Те, впрочем, и, не подумав оскорбиться или еще как-то отреагировать, ни слова не говоря, вышли, держа в руках как драгоценность баул с бумагами. Быстро забравшись в сани, они устроились поудобнее, после чего один из них жалобным голосом сказал:
— Мы готовы.
— Тогда трогай, — крикнул офицер возчику, и их маленький обоз, сопровождаемый охраной, двинулся в путь.
— Может, надо было засвидетельствовать свое почтение его высочеству? — тишком спросил Моше у своего старшего товарища.
— А может, ты заткнешься и хоть раз сделаешь так, как тебе сказали умные люди? — вопросом на вопрос ответил Хайм.
— Что вы там бурчите? — насмешливо осведомился есаул.
— Ваше высокородие, — обратился к нему старший из поставщиков и для подобострастия даже снял шапку. — Не скажете ли нам, отчего ночью был такой шум?
— Да амбар на окраине сгорел. Видать, там какие-то бродяги прятались, да сами себя и подпалили сдуру!
— Что вы говорите! — покачал головой коммерсант. — Как страшно иногда жить…
Тяжелые веки открылись с таким трудом, как будто были по меньшей мере свинцовыми. В глаза тут же ворвался столь яркий свет, что их поневоле пришлось прикрыть. Однако это мимолетное движение не осталось не замеченным, и совсем рядом раздался смутно знакомый голос:
— Раненый очнулся, позовите скорее доктора!
На зов довольно скоро пришел младший ординатор, а затем вслед за ним появился и Гиршовский.
— Нуте-с, как ты себя чувствуешь, братец? — спросил младший врач, осматривая Будищева.
— Надо бы лучше, но некуда, — еле ворочая языком, ответил Дмитрий.
— О! Уже пытаешься шутить? Прелестно, стало быть, идешь на поправку.
— Боюсь, дорогой коллега, что этот пациент будет ерничать и на смертном одре, — добродушно усмехнулся главврач. — Хотя, пожалуй, в данном случае вы совершенно правы. Кризис миновал и можно надеяться на лучшее.
Закончив осмотр, они ушли, оставив раненого одного. Ужасно хотелось пить, но не было сил позвать сестру или санитара. Оставалось только ждать, пока кто-нибудь обратит внимание на его бедственное положение. Через некоторое время, показавшееся ему вечностью, рядом раздались легкие шаги, и Будищев попытался попросить воды, но не смог. И тут случилось чудо, в пересохшие губы ткнулся носик поильника, и из него полилась живительная влага. Никогда, ни до, ни после, не приходилось Дмитрию пить ничего вкуснее, чем эта теплая, противная после кипячения вода, поданная ему сестрой милосердия. С каждой каплей ему становилось легче, и под конец он таки смог еще раз открыть глаза и увидеть лицо Геси. В этот момент и без того симпатичная девушка показалась ему воплощением женской красоты и всех мыслимых достоинств.

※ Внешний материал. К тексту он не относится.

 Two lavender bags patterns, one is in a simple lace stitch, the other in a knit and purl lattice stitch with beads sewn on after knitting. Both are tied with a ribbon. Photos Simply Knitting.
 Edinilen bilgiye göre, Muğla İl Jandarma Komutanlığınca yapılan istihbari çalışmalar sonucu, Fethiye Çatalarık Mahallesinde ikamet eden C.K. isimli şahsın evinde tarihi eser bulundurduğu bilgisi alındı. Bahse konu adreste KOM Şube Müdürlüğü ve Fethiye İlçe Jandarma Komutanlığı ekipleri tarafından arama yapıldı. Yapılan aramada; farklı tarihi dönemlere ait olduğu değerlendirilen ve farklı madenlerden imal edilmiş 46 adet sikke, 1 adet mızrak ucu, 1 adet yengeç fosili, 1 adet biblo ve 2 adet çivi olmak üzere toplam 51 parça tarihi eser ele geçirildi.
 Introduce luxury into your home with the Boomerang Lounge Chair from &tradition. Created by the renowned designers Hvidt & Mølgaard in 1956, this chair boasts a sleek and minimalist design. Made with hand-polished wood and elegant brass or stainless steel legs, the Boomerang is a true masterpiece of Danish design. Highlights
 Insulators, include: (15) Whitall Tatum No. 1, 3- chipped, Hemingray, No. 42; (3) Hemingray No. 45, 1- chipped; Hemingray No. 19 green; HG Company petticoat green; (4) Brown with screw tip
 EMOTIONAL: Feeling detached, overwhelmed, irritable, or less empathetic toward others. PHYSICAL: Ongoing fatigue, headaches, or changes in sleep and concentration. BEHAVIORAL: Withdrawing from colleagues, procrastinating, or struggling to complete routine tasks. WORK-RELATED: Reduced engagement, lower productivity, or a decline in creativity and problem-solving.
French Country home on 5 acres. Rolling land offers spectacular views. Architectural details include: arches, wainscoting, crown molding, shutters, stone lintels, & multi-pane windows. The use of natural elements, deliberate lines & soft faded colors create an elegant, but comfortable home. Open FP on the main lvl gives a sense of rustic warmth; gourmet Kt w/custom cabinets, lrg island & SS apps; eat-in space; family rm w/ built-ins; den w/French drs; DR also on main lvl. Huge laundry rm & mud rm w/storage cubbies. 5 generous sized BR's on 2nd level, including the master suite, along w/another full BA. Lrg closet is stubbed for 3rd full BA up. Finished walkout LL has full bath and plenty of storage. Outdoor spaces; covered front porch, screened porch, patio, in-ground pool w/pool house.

— Как я сюда попал? — прошептал Дмитрий, утолив жажду.
— Вас принесли какие-то солдаты. Вы потеряли очень много крови и были совсем плохи.
— Фигово…
— Вам нужно набираться сил, а потому пока не следует много разговаривать, — мягко прервала она его.
На следующий день Будищеву стало немного лучше, и к нему пропустили посетителей. Ими оказались Шматов и все еще находившийся в госпитале Лиховцев.

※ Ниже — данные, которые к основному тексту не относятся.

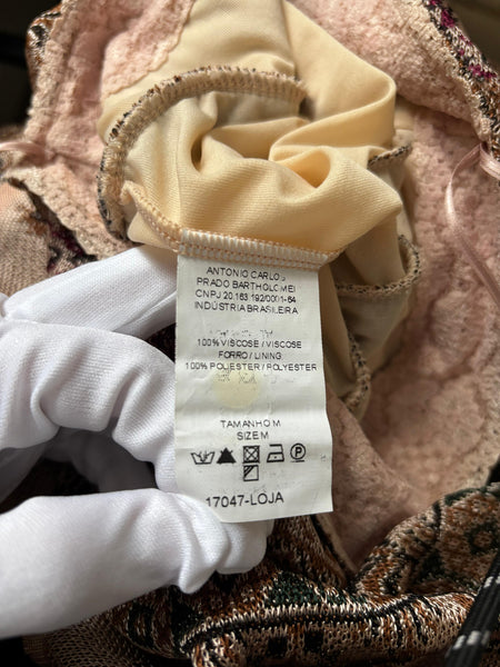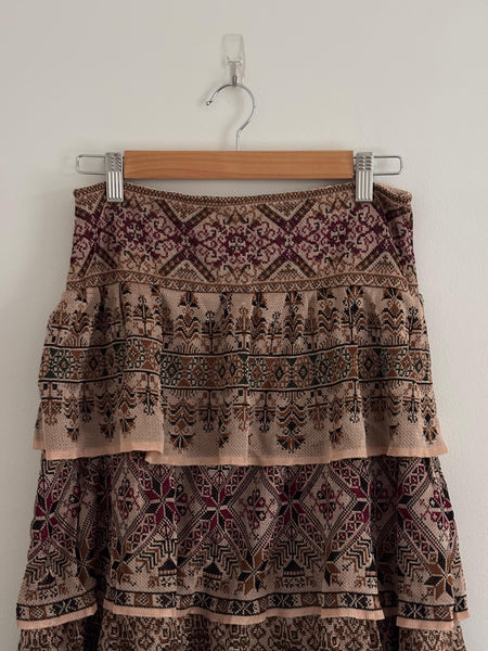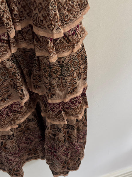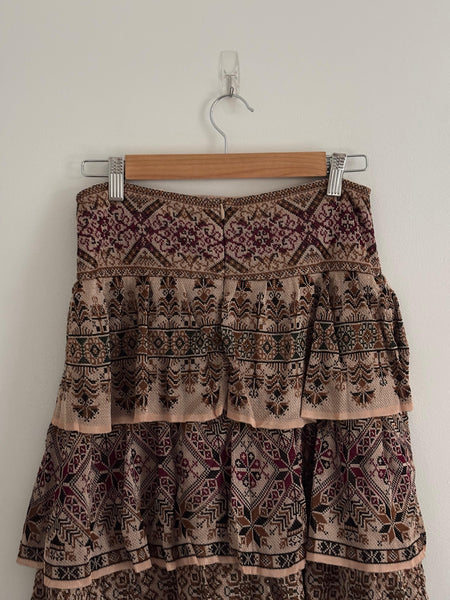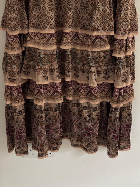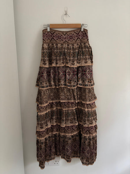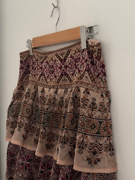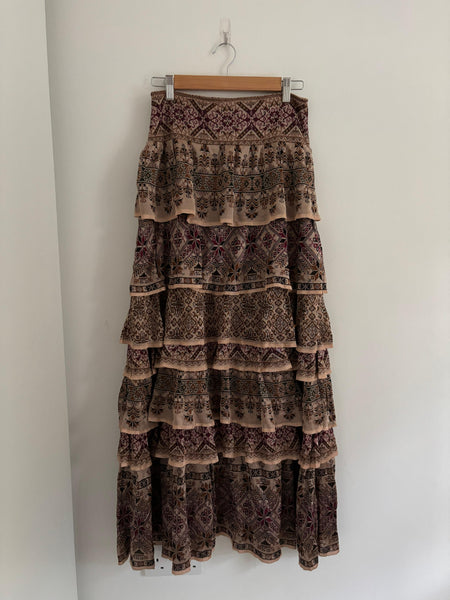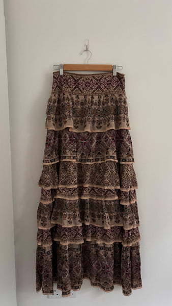 Cecília Prado is a Brazilian designer celebrated for her artisanal knitwear and bohemian touch. This tiered maxi skirt brings earthy tones and intricate patterns in a flowing silhouette. Elegant yet relaxed, it moves beautifully and transitions easily from day to night.
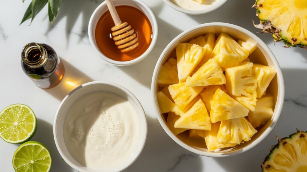 - Honey (1-2 tablespoons, optional) – A little honey sweetens the mix. Pineapple is sweet on its own, so add honey to taste if needed.
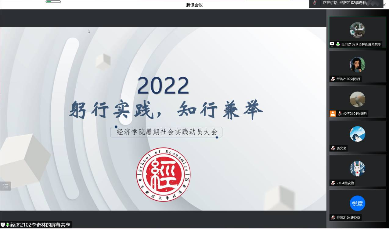 为进一步加深大学生对基层工作的了解鼓励大学生参与实践、走进基层、发挥自身专业特长和聪明才干,号召大学生为家乡的发展助力,6月1日晚,qmh官网于线上召开“躬行实践,知行兼举”——球盟会qmh网址2022年暑期社会实践动员大会。本次大会邀请qmh官网党委副书记袁怡琨,优秀指导教师吴昊老师,校团委副书记(挂职)、qmh官网辅导员梁少颖老师以及qmh官网团委书记潘怡老师进行讲解说明,往期优秀项目负责人同学分享实践经验,全院两百余名同学参加活动。

— Это ты меня приволок? — спросил Дмитрий у Федьки.
— Ага, я со Степаном, — обрадованно закивал тот и простодушно добавил: — Мы уж думали, тебе каюк!
— Хрен дождетесь, — скривил губы в усмешке раненый.

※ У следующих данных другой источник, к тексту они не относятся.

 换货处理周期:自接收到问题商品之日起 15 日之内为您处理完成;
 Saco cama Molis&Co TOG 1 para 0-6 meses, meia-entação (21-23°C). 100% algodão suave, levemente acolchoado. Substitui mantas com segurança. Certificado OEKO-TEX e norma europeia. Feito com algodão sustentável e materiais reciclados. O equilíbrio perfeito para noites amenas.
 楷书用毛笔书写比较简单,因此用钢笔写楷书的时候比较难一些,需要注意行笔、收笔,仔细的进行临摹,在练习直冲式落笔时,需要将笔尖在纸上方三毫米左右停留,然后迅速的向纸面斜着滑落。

— Мы так перепугались, — вступил в разговор Алексей. — Что с вами произошло? У Феди я, как ни бился, не смог добиться вразумительного ответа.
— Не помню, — покачал головой Будищев. — Упал, очнулся, гипс…
— Но на вас нет гипса? — выпучил глаза вольноопределяющийся.
— Разве? А чувство такое, будто всего запеленали!
— Боже, вы что, опять шутите?
— Нет, я серьезен, как надгробие.
— Не надо так говорить, — укоризненно покачал головой Лиховцев. — Жизнь и смерть это очень серьезные вещи, чтобы вот так ерничать. Я теперь это точно знаю.
— Да ладно тебе, Леша, лучше расскажи, что нового произошло, пока я валялся в отключке.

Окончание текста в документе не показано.